It is evident from the above quotation that the Committee was insisting that the transaction should be included "directly in the Surplus Account and not in the Income account".

Opinion among accountants steadily crystallized between 1932 and 1938 against the inclusion of gains on the resale of Treasury stock in the income account of a corporation, thus supporting the recommendation of the Listing Committee of the New York Stock Exchange.

A Committee on "Statistical Reporting and Uniform Accounting for Industry" in August of 1934 reported to the Business Advisory and Planning Council for the Department of Commerce that "losses and gains on reacquired stock of the company are surplus items and preferably will be accounted for through capital surplus". Mr. Pierre S. duPont, a member of the Finance Committee of General Motors Corporation in 1934, was a member of the aforementioned Committee on Statistical Reporting and Uniform Accounting and signed its report.

On May 10, 1938, the Securities and Exchange Commission issued Accounting Series Release No. 6 in which it quoted from a report of its Chief Accountant as follows: "It is recognized that when capital stock is reacquired and retired any surplus arising therefrom is capital and should be accounted for as such and that the full proceeds of any subsequent issue should also be treated as capital. Transactions of this nature do not result in corporate profits or in earned surplus. There would seem to be no logical reason why surplus arising from the reacquisition of the company's capital stock and its subsequent resale should not also be treated as capital." (Ex. 96)

On April 8, 1938, a Committee on Accounting Procedure of the American Institute of Accountants made a report to its Executive Committee. The sub-committee stated:

"This committee has had under consideration the question regarding treatment of purchase and sale by a corporation of its own stock which was raised during 1937 by the New York Stock Exchange with the Institute's special committee on cooperation with stock exchanges."

 

* * * * *

"The special committee on cooperation with stock exchanges continued and concluded its report with the following statement:

"`Accordingly, although your committee recognizes that there may be cases where the transactions involved are so inconsequential as to be immaterial, it does not believe that, as a broad general principle, such transactions should be reflected in earned surplus (either directly or through inclusion in the income account.)'"

The Committee on Accounting Procedure agreed with the conclusion of the Special Committee on Cooperation with Stock Exchanges.

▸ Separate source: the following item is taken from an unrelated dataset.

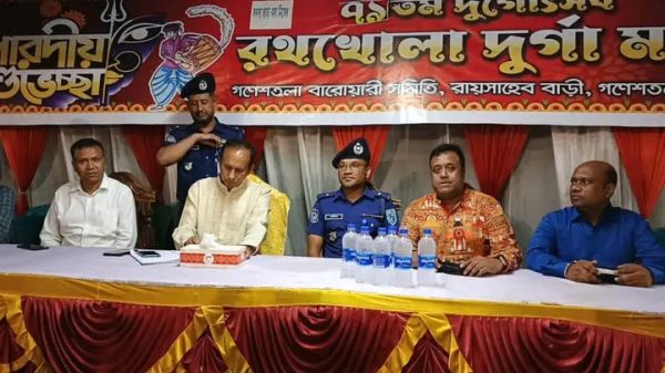 মো সালাম রাব্বানী স্টাফ রিপোর্টার,দিনাজপুর শারদীয় দুর্গা উৎসব উপলক্ষে গনেশতলা বারোয়ারী সমিতি রায়সাহেব বাড়ির রথখোলা দুর্গা মন্দিরের মন্ডপ পরিদর্শন করেছেন রংপুর রেঞ্জের রেঞ্জ ডিআইজি মোঃ আমিনুল ইসলাম। বুধবার (১ অক্টোবর

The Executive Committee directed that the report be "published and distributed to the members of the American Institute of Accountants, without approval or disapproval of the Committee".

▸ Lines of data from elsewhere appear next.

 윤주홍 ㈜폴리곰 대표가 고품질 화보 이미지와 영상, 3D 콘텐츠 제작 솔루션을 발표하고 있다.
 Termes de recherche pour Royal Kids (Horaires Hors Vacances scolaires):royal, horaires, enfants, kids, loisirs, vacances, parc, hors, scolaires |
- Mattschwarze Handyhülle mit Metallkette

However, in September 1939 the American Institute of Accountants adopted and published as its own the report of its subcommittee which had been issued in May of 1938.

In 1931 there was no profit from the sale by General Motors Corporation of Treasury stock. In 1932 there was no bonus.

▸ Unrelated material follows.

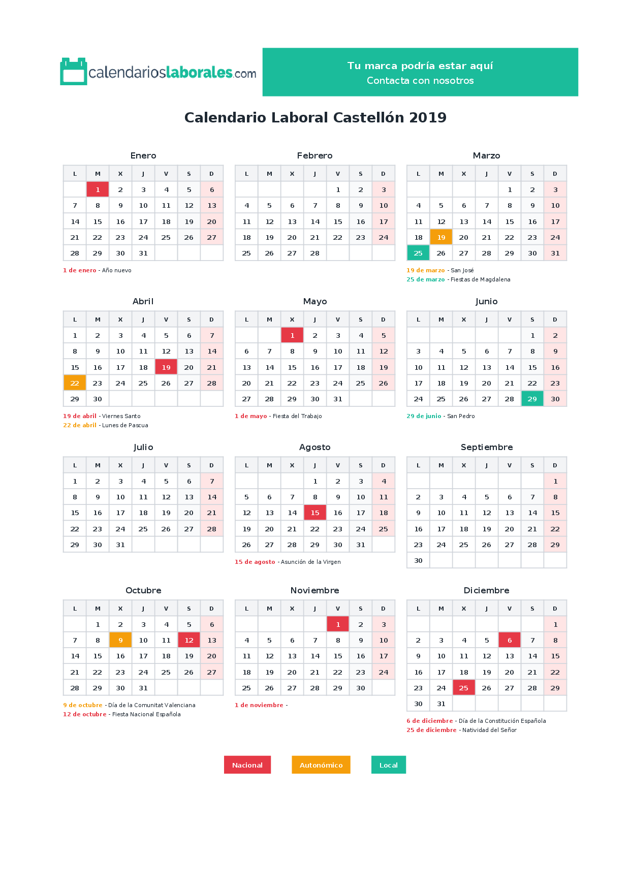 El calendario laboral de Castellón en 2019 cuenta con un total de 13 días festivos, que incluyen festivos nacionales, festivos autonómicos de Comunidad Valenciana y los festivos locales establecidos por cada municipio.

The January 12, 1932 letter of the New York Stock Exchange had some effect on the General Motors accounting treatment *991 of profits on the resale of Treasury stock, but not that intended. In calculating the 1933 bonus there was credited to income to items of profit on the sale of Treasury stock. (Ex. KKK) The first was a profit of $485,423.90 "on the sale of stock to General Motors Management Corporation". (Schedule 1) The other item, $522,016.07, is shown in Schedule 2 of the 1933 bonus calculation "as profit on sale of Treasury stock". Exhibit 107 recites that these profits represented "the excess value at which G. M. $10 par value common stock was transferred to the Savings and Investment Fund and the Employees Bonus Fund over the cost thereof". These two items were credited to Account 12-B, "Special Profit and Loss". The total of the two items, $1,007,439.97 was included as income for the year 1933 in calculating the net earnings of General Motors Corporation on which the bonus was figured and the bonus was increased by 10% of that amount. It was shown in Mr. Bradley's report to the Finance Committee on the Final 1933 earnings. (See footnote to Schedule III-4) But these profits were not disclosed in the summary of consolidated income for the year 1933 published in the annual report of General Motors Corporation. (Ex. 2-D, page 26). Only the internal records of the company showed their inclusion in income, on which the bonus was calculated. The fact that General Motors was not complying with the suggestion of the Stock Exchange in respect to profit on Treasury stock could not be ascertained from its published Consolidated Income Statement for the year 1933.

In 1934 the Treasury stock used for bonus awards consisted of "shares reverting to the corporation in connection with the operation of the Employees Investment Fund, which were picked up at the average value during the year", (Ex. 87-3) so that was no profit thereon. But there was a profit of $298,543 "realized from the sale in market of reverting investment fund stock and recapture of Management Corporation stock". That profit was transferred to a reserve account and was not included in corporate income on which the bonus base was calculated for the year 1934. (Ex. 58, p. 8) Although this treatment of the profit on Treasury stock did not transfer the profit to surplus (only to a reserve) it did not directly include the profit in income for the year 1934.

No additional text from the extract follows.